天皇家の男系相続を担保したもうひとつの安全装置があって、それが「傍系継承」だというのが著者の説明。継体天皇、後花園天皇など、先代直系ではなく、七親等から十親等の隔たりがある遠縁の男系が新天皇になった例があるのだと。ヒイジイサマの兄弟の孫が7親等であるから、確かにずいぶんと離れている。この「傍系継承」の歴史から著者が提案するのは、第二次大戦後GHQの命令で皇籍離脱・臣籍降下した天皇家の血を引く旧宮家の皇族復帰、あるいは現天皇家との養子縁組等による男系相続の維持である。

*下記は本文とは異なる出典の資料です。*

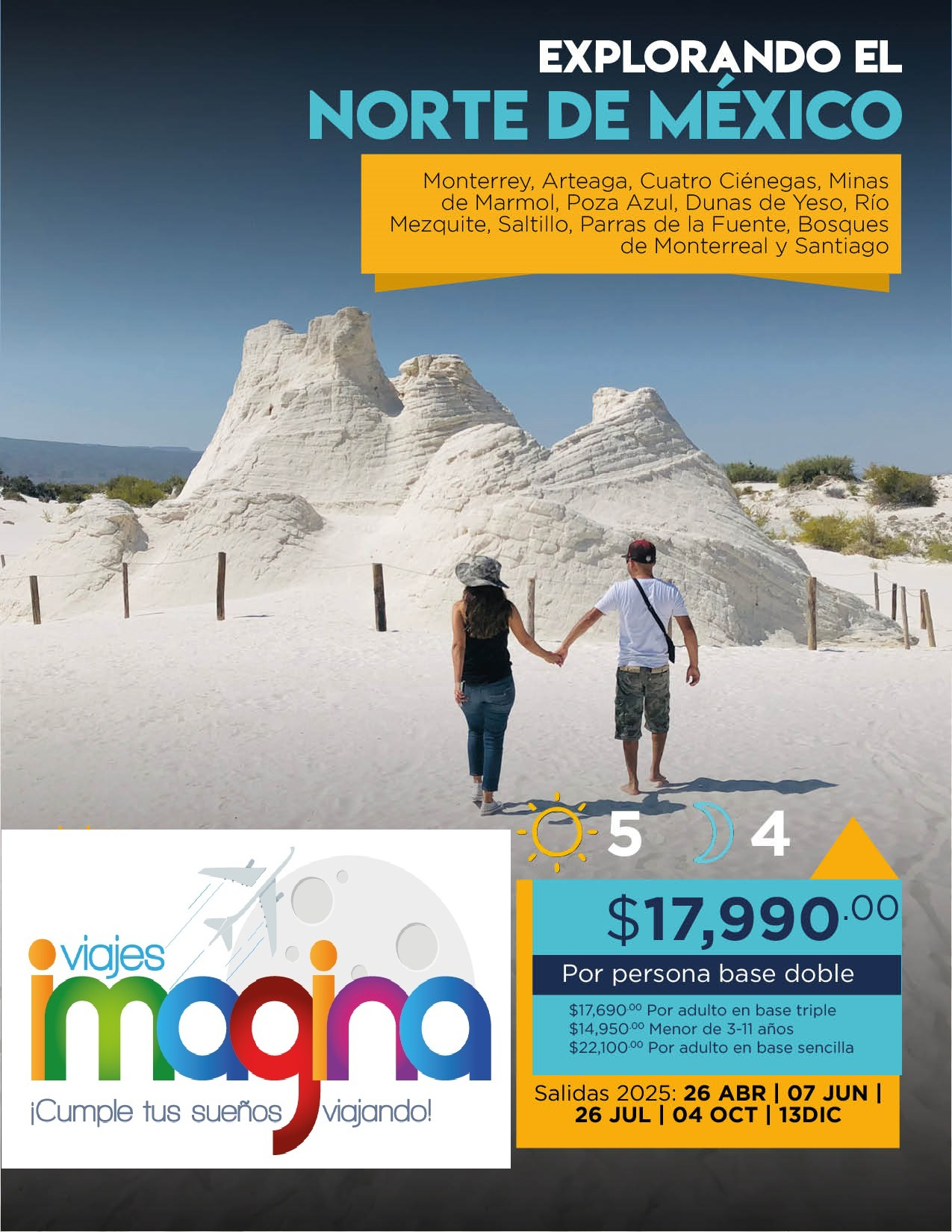 Visitando: Monterrey, Cuatro Ciénegas, Poza Azul, Dunas de Yeso, Río Mezquite, Saltillo, Parras de la Fuente, Arteaga, Monterreal y Santiago.

皇族には選挙権も被選挙権もない。苗字も戸籍も住民票もない。そもそも普通の日本国民とは違うのだから、確かに単純な市民社会のルールを適用しなければならない道理もないような気もするし、検討するに足るオプションであるのかもしれない。女帝容認論を唱える中には天皇制廃止論者もおり、男系相続が途絶えてから皇位の正当性を問い、最終的に皇室廃止に結びつける目的だという主張は、そのまま受け取りがたい面もあるのだが。女系を容認しなくとも皇室典範を改正しなければ、いずれ皇室は消滅するのだから。個人的には、旧宮家の皇室復帰など姑息なことをしなくとも、このまま皇統が途絶えてしまうのなら、それもまた受け入れるべき運命であるとは思うのだが。

論旨からして著者は、國學院大學でも出た謹厳なジイサマかと想像していたら、1962年生まれの早稲田卒業と著者紹介に。これには少々びっくりであった。